3\) Instantiate the class `Simulator` and call function `run_simulation()` to generate the simulated state- and input-trajectory;

4\) Instantiate the class `Visualizer`, call function `display_final_results()` and `display_animation()` to show the simulations;


In [None]:
# Bind the defined LQR algorithm to the corresponding class, will be automatically called by constructor
FiniteLQRController.setup = setup_external

# Define weight matrix in stage and terminal cost
Q = np.diag([1, 1])
R = np.array([[0.1]])
Q_N = Q

# Define parameters of simulation
freq = 20 # controll frequency
t_terminal = 10 # time length of simulation
horizon = freq * t_terminal # number of time steps

# Instantiate the finite horizon LQR controller class
# Arguments: 
#   1) an object of class `Env` (to deliver infos about initial state, constraints, etc.), type: Env  
#   2) an object of class `Dynamics` (to deliver infos about symbolic system dynamics), type: Dynamics  
#   3) weight matrices in cost functions: i) `Q`: weight metrix of state, type: np.array  
#                                         ii) `R`: weight metrix of input, type: np.array  
#                                         iii) `Q_N`: weight metrix of state, type: np.array  
#   4) freq: control frequency $f$ , type: int  
#   5) name: the name of current coltroller displayed in plots, type: string
controller_lqr_f = FiniteLQRController(env, dynamics, Q, R, Q_N, freq, horizon=horizon, name='LQR_finite')
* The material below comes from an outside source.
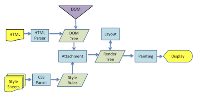 DOM은 다음과 같은 다음과 같은 workflow를 따른다. 즉 html를 읽어서 DOM 트리, CSS 트리를 만들고 DOM의 위치를 잡고 거기에 그리고 색을 채운다.

# Instantiate the simulator, and then run the simulation
simulator_lqr_f = Simulator(dynamics, controller_lqr_f, env, 1/freq, t_terminal)
simulator_lqr_f.run_simulation()

# Instantiate the visualizer, and display the plottings and animation
visualizer_lqr_f = Visualizer(simulator_lqr_f)
visualizer_lqr_f.display_plots()
visualizer_lqr_f.display_animation()

---

### **Part (b): infinite-horizon discrete-time LQR controller**

While the finite-horizon LQR offers greater flexibility by incorporating terminal costs and producing time-varying control gains, it suffers from a key limitation: the solution can only be computed via backward recursion. As a result, the entire control policy must be precomputed before execution, making it unsuitable for online adaptation in most practical scenarios. In this section, we will provide the implementation of the LQR controller and demonstrate how it can be applied to a specific task (stabilization task). We will also show the resulting performance and the effects of using the LQR controller in achieving optimal control.


**Problem formulation:**

For a same linear system formulation:

$$
\boldsymbol{x_{k+1}} = \boldsymbol{A} \boldsymbol{x_k} + \boldsymbol{B} \boldsymbol{u_k}
$$

As the horizon length $N$ approaches infinity, the problem converges to the infinite-horizon formulation with time-invariant optimal policy. Then the infinite-horizon quadratic cost function is given by:

$$
J(\boldsymbol{x_0}) = \sum_{k=0}^{\infty} \left(\boldsymbol{x}_k^T \boldsymbol{Q} \boldsymbol{x}_k + \boldsymbol{u}_k^T \boldsymbol{R} \boldsymbol{u}_k\right)
$$

**Explicit Solution:**

The solution to this problem is obtained by solving the **Discrete Algebraic Riccati Equation (DARE):**

$$
\boldsymbol{S} = \boldsymbol{Q} + \boldsymbol{A}^T \boldsymbol{S} \boldsymbol{A} - \boldsymbol{A}^T \boldsymbol{S} \boldsymbol{B}(\boldsymbol{R} + \boldsymbol{B}^T \boldsymbol{S} \boldsymbol{B})^{-1} \boldsymbol{B}^T \boldsymbol{S} \boldsymbol{A}
$$

The optimal feedback control policy is given by:

$$
\boldsymbol{u^*} = \boldsymbol{K} \boldsymbol{x_k}, \quad \boldsymbol{K} = -\left( \boldsymbol{R} + \boldsymbol{B}^T \boldsymbol{S} \boldsymbol{B} \right)^{-1} \boldsymbol{B}^T \boldsymbol{S} \boldsymbol{A}
$$

**Step 1: implement the infinite horizon LQR controller**  

In this step, we will implement the setup function `setup_external()`, which will be automatically called in the constructor of class `LQRController`. The implementation will follow three key steps:

1\) Obtain the system matrices: Retrieve the $\boldsymbol{A}$ and $\boldsymbol{B}$ matrices from the discrete-time system dynamics;  
    Hint: you may use the method `get_linearized_AB_discrete()` from class `Dynamics` to get the discretized system matrices

2\) Solve for the Hessian matrix $\boldsymbol{S}$ of optimal cost: Compute the solution to the Discrete Algebraic Riccati Equation (DARE) to obtain $\boldsymbol{S}$;  
    Hint: you may use the method `scipy.linalg.solve_discrete_are()` to solve DARE

3\) Calculate the feedback gain $\boldsymbol{K}$: Use the computed Hessian $\boldsymbol{S}$ to determine the LQR feedback gain $\boldsymbol{K}$;  
    Hint: you may use the method `numpy.linalg.inv()` to solve the inverse matrix

In [None]:
def setup_external(self):

    # Set up equilibrium state
    self.x_eq = self.state_lin # self.state_lin default to be target state

    # Solve input at equilibrium
    self.u_eq = self.dynamics.get_equilibrium_input(self.x_eq)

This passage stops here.